Visualize cells according to dimension reduction coordinates.
Usage
dimCellPlot2D(
gobject,
spat_unit = NULL,
feat_type = NULL,
dim_reduction_to_use = "umap",
dim_reduction_name = "umap",
dim1_to_use = 1,
dim2_to_use = 2,
spat_enr_names = NULL,
cell_annotation_values = NULL,
show_NN_network = FALSE,
nn_network_to_use = "sNN",
network_name = "sNN.pca",
cell_color_code = NULL,
cell_color_gradient = NULL,
gradient_midpoint = NULL,
gradient_style = c("divergent", "sequential"),
gradient_limits = NULL,
select_cell_groups = NULL,
select_cells = NULL,
show_other_cells = TRUE,
other_cell_color = "lightgrey",
other_point_size = 0.5,
show_cluster_center = FALSE,
show_center_label = TRUE,
center_point_size = 4,
center_point_border_col = "black",
center_point_border_stroke = 0.1,
label_size = 4,
label_fontface = "bold",
edge_alpha = NULL,
point_shape = c("border", "no_border"),
point_size = 1,
point_alpha = 1,
point_border_col = "black",
point_border_stroke = 0.1,
show_legend = TRUE,
legend_text = 8,
legend_symbol_size = 1,
background_color = "white",
axis_text = 8,
axis_title = 8,
cow_n_col = NULL,
cow_rel_h = 1,
cow_rel_w = 1,
cow_align = "h",
show_plot = NULL,
return_plot = NULL,
save_plot = NULL,
save_param = list(),
default_save_name = "dimCellPlot2D"
)
dimCellPlot(gobject, ...)
Arguments
- gobject
giotto object
- spat_unit
spatial unit (e.g. "cell")
- feat_type
feature type (e.g. "rna", "dna", "protein")
- dim_reduction_to_use
character. dimension reduction to use
- dim_reduction_name
character. dimension reduction name
- dim1_to_use
numeric. dimension to use on x-axis
- dim2_to_use
numeric. dimension to use on y-axis
- spat_enr_names
character. names of spatial enrichment results to include
- cell_annotation_values
numeric cell annotation columns
- show_NN_network
logical.
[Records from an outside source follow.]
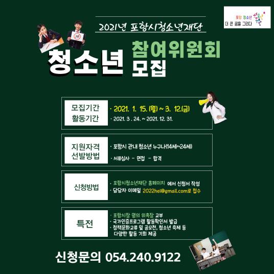 포항시청소년재단에서 포항시청소년참여위원회 위원을 오는 3월 12일까지 모집한다.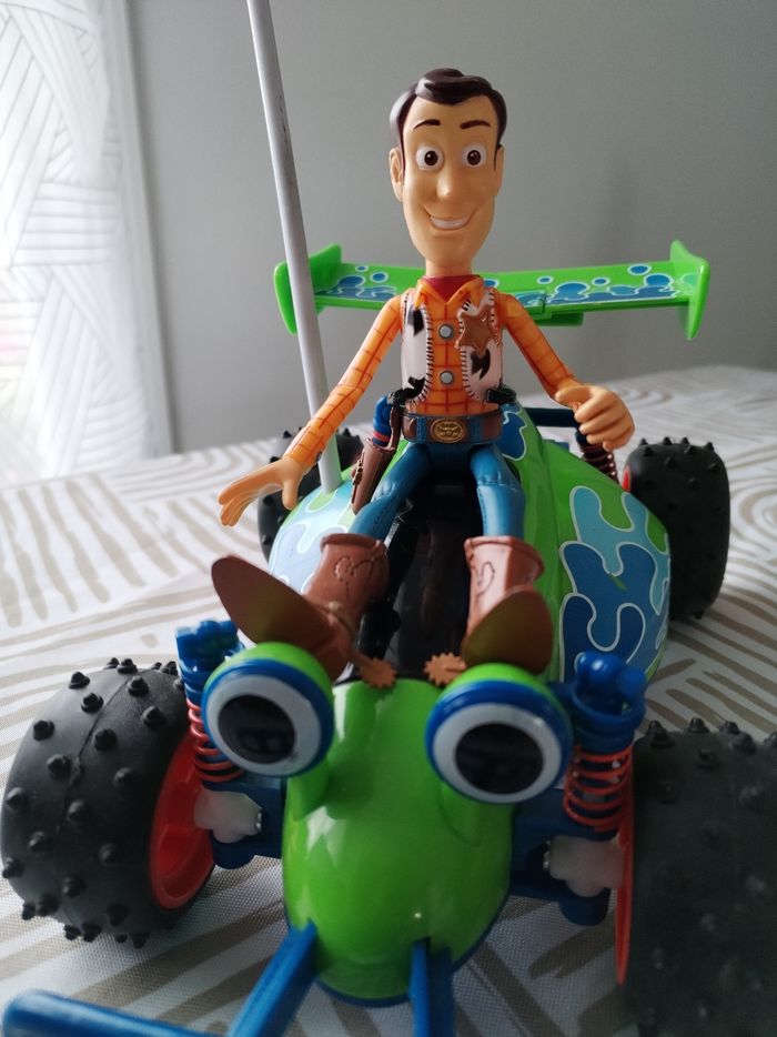 A vendre voiture Toy Story et Woody, ne fonctionne plus, juste en déco ou à faire rouler à la main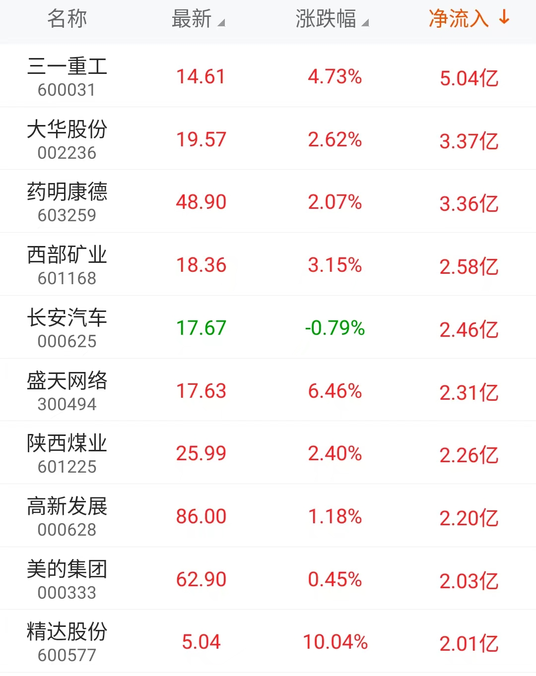 主力资金净流入最高的个股为三一重工,流入金额超5亿元,大华股份和药明康德主力净流入均超3亿元。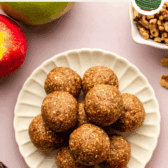 I usually have a container of these apple energy bites in my fridge or freezer all throughout fall. They’re a perfect snack to enjoy in between meals or after dinner. Usually, I’ll just snack on one or two on their own, but when I’m in the mood for an extra cozy treat, I’ll pair them with a Beet Latte or this Pumpkin Chai Bubble Tea.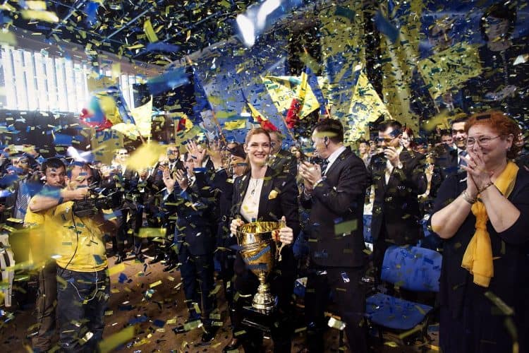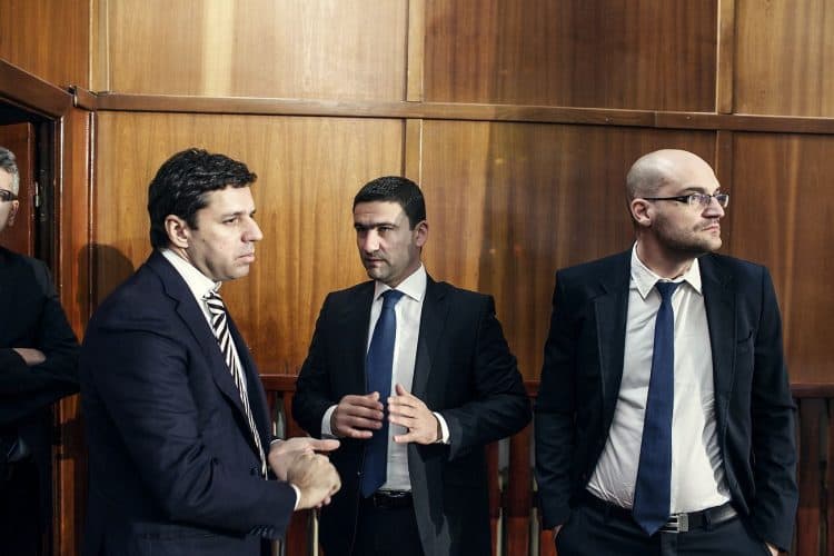 His Excellency Matthijs van Bonzel, the Dutch Ambassador in Romania (middle) and other Dutch football fans react while watching the match between Spain and Netherlands at a bar in Bucharest, Friday 13, 2014. The match was won by Netherlands by 5 to 1.

Show underlying NN network
- nn_network_to_use
character. type of NN network to use (kNN vs sNN)
- network_name
character. name of NN network to use, if show_NN_network = TRUE
- cell_color_code
character. discrete colors to use. palette to use or named vector of colors
- cell_color_gradient
character. continuous colors to use. palette to use or vector of colors to use (minimum of 2).
- gradient_midpoint
numeric. midpoint for color gradient
- gradient_style
either 'divergent' (midpoint is used in color scaling) or 'sequential' (scaled based on data range)
- gradient_limits
numeric vector with lower and upper limits
- select_cell_groups
select subset of cells/clusters based on cell_color parameter
- select_cells
select subset of cells based on cell IDs
- show_other_cells
display not selected cells
- other_cell_color
color for not selected cells
- other_point_size
point size for not selected cells
- show_cluster_center
plot center of selected clusters
- show_center_label
plot label of selected clusters
- center_point_size
size of center points
- center_point_border_col
border color of center points
- center_point_border_stroke
border stroke size of center points
- label_size
size of labels
- label_fontface
font of labels
- edge_alpha
column to use for alpha of the edges
- point_shape
point with border or not (border or no_border)
- point_size
size of point (cell)
- point_alpha
transparency of points
- point_border_col
color of border around points
- point_border_stroke
stroke size of border around points
- show_legend
logical. show legend
- legend_text
size of legend text
- legend_symbol_size
size of legend symbols
- background_color
color of plot background
- axis_text
size of axis text
- axis_title
size of axis title
- cow_n_col
cowplot param: how many columns
- cow_rel_h
cowplot param: relative heights of rows (e.g. c(1,2))
- cow_rel_w
cowplot param: relative widths of columns (e.g. c(1,2))
- cow_align
cowplot param: how to align
- show_plot
logical. show plot
- return_plot
logical. return ggplot object
- save_plot
logical. save the plot
- save_param
list of saving parameters, see
showSaveParameters
- default_save_name
default save name for saving, don't change, change save_name in save_param
- ...
dimCellPlot(...) passes to dimCellPlot2D()
Details
Description of parameters. For 3D plots see dimPlot3D
Examples
g <- GiottoData::loadGiottoMini("visium", verbose = FALSE)
dimCellPlot2D(
g,
spat_enr_names = "cluster_metagene",
cell_annotation_values = as.character(seq(4))
)
g <- GiottoData::loadGiottoMini("visium", verbose = FALSE)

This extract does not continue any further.